# PROVIDED INFORMATION
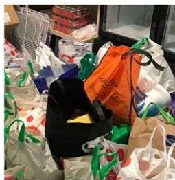
Pictured: a donation to our foodbank. This food will be delivered to people seeking asylum and refugees.

To help, please call (02)9356 3888 or email: jrsreception@jrs.org.au or click the link above this post.
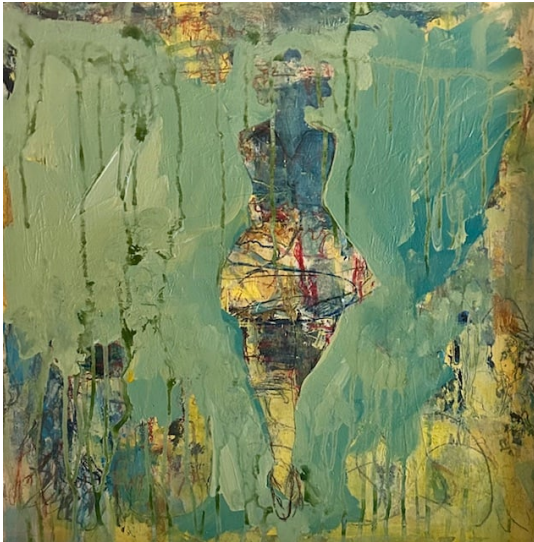
Reach for What's Been Calling Acrylic & Mixed Media on Paper Pine Box Frame
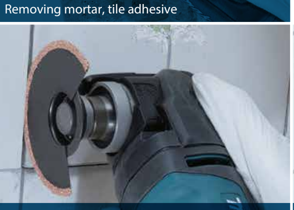
Routing joints on wall tiles
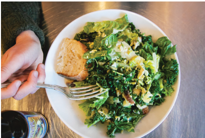
Brussels Sprouts Caesar Salad from Basal
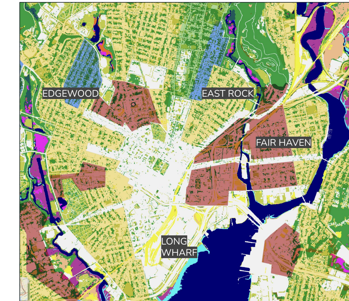
New Haven Land Cover and Redlining Grades
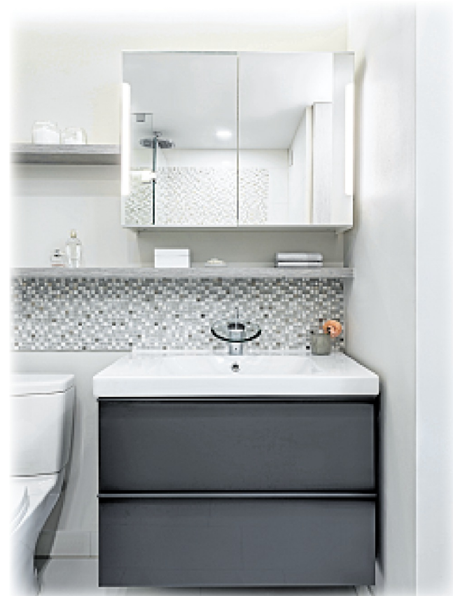
The most important step to getting and maintaining a clean, spa-like space is to edit out unnecessary clutter.
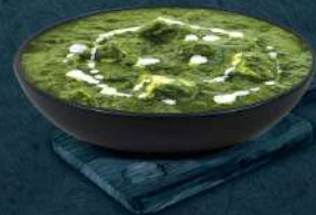
بالاك بانير PALAK PANEER DHS. 15.00 89
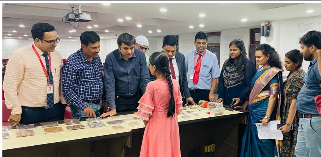
Seed Identification Activity
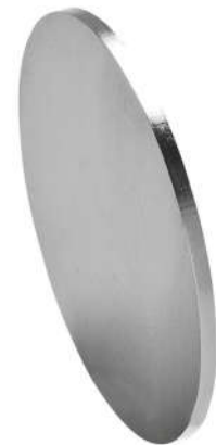
Unit: mm (unless stated otherwise)
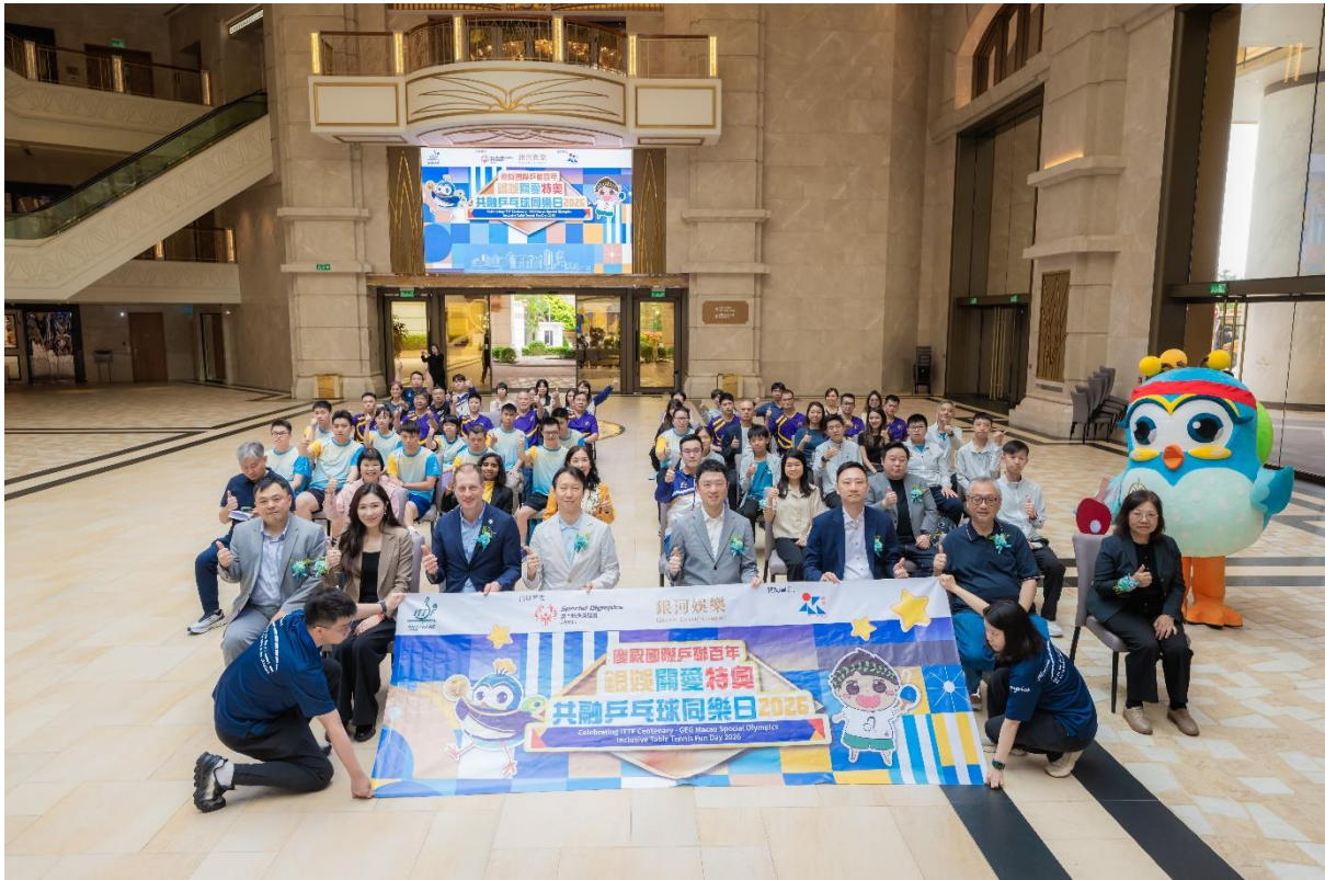
P001: GEG and MSO held the opening ceremony of “Celebrating ITTF Centenary – GEG Macau Special Olympics Inclusive Table Tennis Fun Day 2026” at the East Square of Galaxy Macau™.
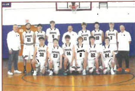
Boys Varsity Basketball
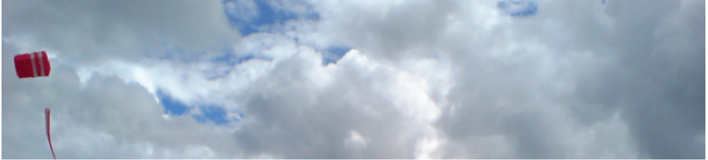
Figure 1: Dream-Walk, Skegness Beach, 2013. (See video one, Skegness Beach).

# TASK GOAL
With all pictures excluded, output exactly the lines from the one containing "New Haven Land Cover and Redlining Grades" through the final line of the entries, inclusive.

# ANSWER BOX
New Haven Land Cover and Redlining Grades
The most important step to getting and maintaining a clean, spa-like space is to edit out unnecessary clutter.
بالاك بانير PALAK PANEER DHS. 15.00 89
Seed Identification Activity
Unit: mm (unless stated otherwise)
P001: GEG and MSO held the opening ceremony of “Celebrating ITTF Centenary – GEG Macau Special Olympics Inclusive Table Tennis Fun Day 2026” at the East Square of Galaxy Macau™.
Boys Varsity Basketball
Figure 1: Dream-Walk, Skegness Beach, 2013. (See video one, Skegness Beach).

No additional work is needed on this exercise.